Records for the exercise:

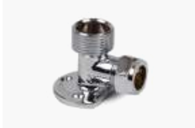
CXMI FLANGE ELBOW (CP)
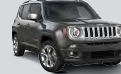
Granite Crystal Metallic
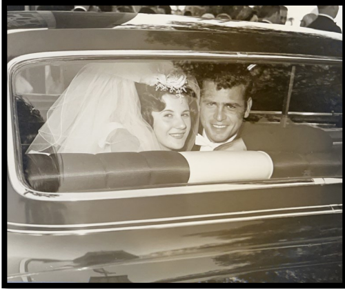
Wedding Day 09/28/1963
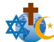
Learn about Judaism and Islam and their different beliefs and celebrations
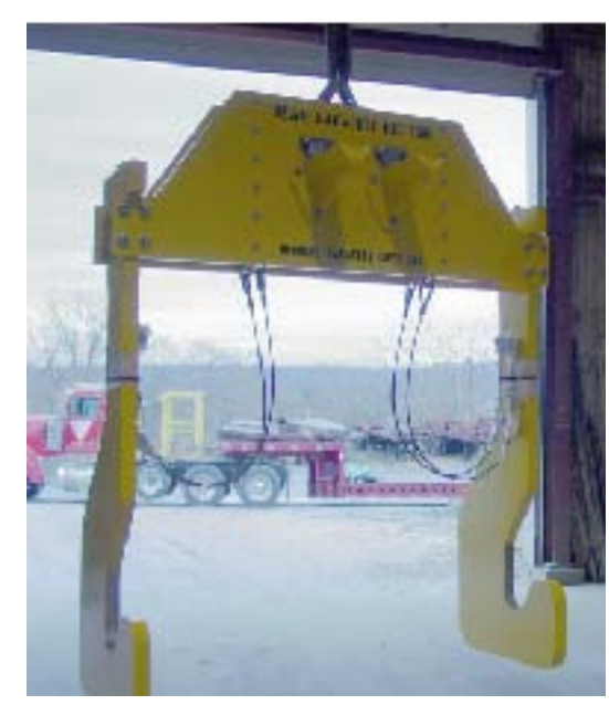
105 ton cask lift beam.
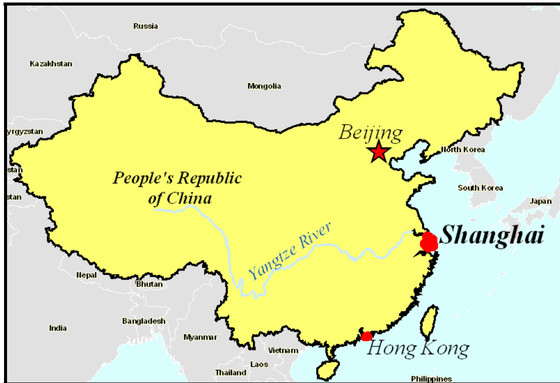
Figure 1.3 – The location of Shanghai in the People’s Republic of China.

Concessions were initially granted with the explicit desire from both the Chinese and European negotiators for racial segregation. This might have remained the case had it not been for the 1853 uprising of the Small Dagger Society, also known as the Small Sword Society or Xiaodaohui, and the concurrent Taiping Rebellion. The main goal of these uprisings was the overthrow of the ruling Manchu Dynasty. Residents of the international settlements were unable to avoid the effects of the conflicts and soon became involved. Western powers assisted Chinese authorities against the rebellions to preserve the Manchu government and the status quo that had so richly rewarded them. As large numbers of Chinese fled into the relative security of the international settlements, segregation in the city largely came to an end. Between 1853 and 1854, the Chinese population of the foreign settlements increased from 500 to 20,000 (Lu 1995).
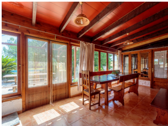
Cozy living and dining area
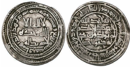
43 Umayyad , dirham, Ifriqiya 124h, rev. , pellet below field, 2.66g (Klat 108.a), edge clip, fine and very rare £1,000-1,500
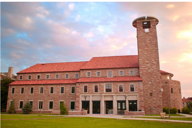
Eaton Humanities (HUMN) 1610 Pleasant Street Boulder, Colorado 80309

What you are asked to do: Excluding the pictures, output every entry above without alteration.

Response to this task:
CXMI FLANGE ELBOW (CP)
Granite Crystal Metallic
Wedding Day 09/28/1963
Learn about Judaism and Islam and their different beliefs and celebrations
105 ton cask lift beam.
Figure 1.3 – The location of Shanghai in the People’s Republic of China.

Concessions were initially granted with the explicit desire from both the Chinese and European negotiators for racial segregation. This might have remained the case had it not been for the 1853 uprising of the Small Dagger Society, also known as the Small Sword Society or Xiaodaohui, and the concurrent Taiping Rebellion. The main goal of these uprisings was the overthrow of the ruling Manchu Dynasty. Residents of the international settlements were unable to avoid the effects of the conflicts and soon became involved. Western powers assisted Chinese authorities against the rebellions to preserve the Manchu government and the status quo that had so richly rewarded them. As large numbers of Chinese fled into the relative security of the international settlements, segregation in the city largely came to an end. Between 1853 and 1854, the Chinese population of the foreign settlements increased from 500 to 20,000 (Lu 1995).
Cozy living and dining area
43 Umayyad , dirham, Ifriqiya 124h, rev. , pellet below field, 2.66g (Klat 108.a), edge clip, fine and very rare £1,000-1,500
Eaton Humanities (HUMN) 1610 Pleasant Street Boulder, Colorado 80309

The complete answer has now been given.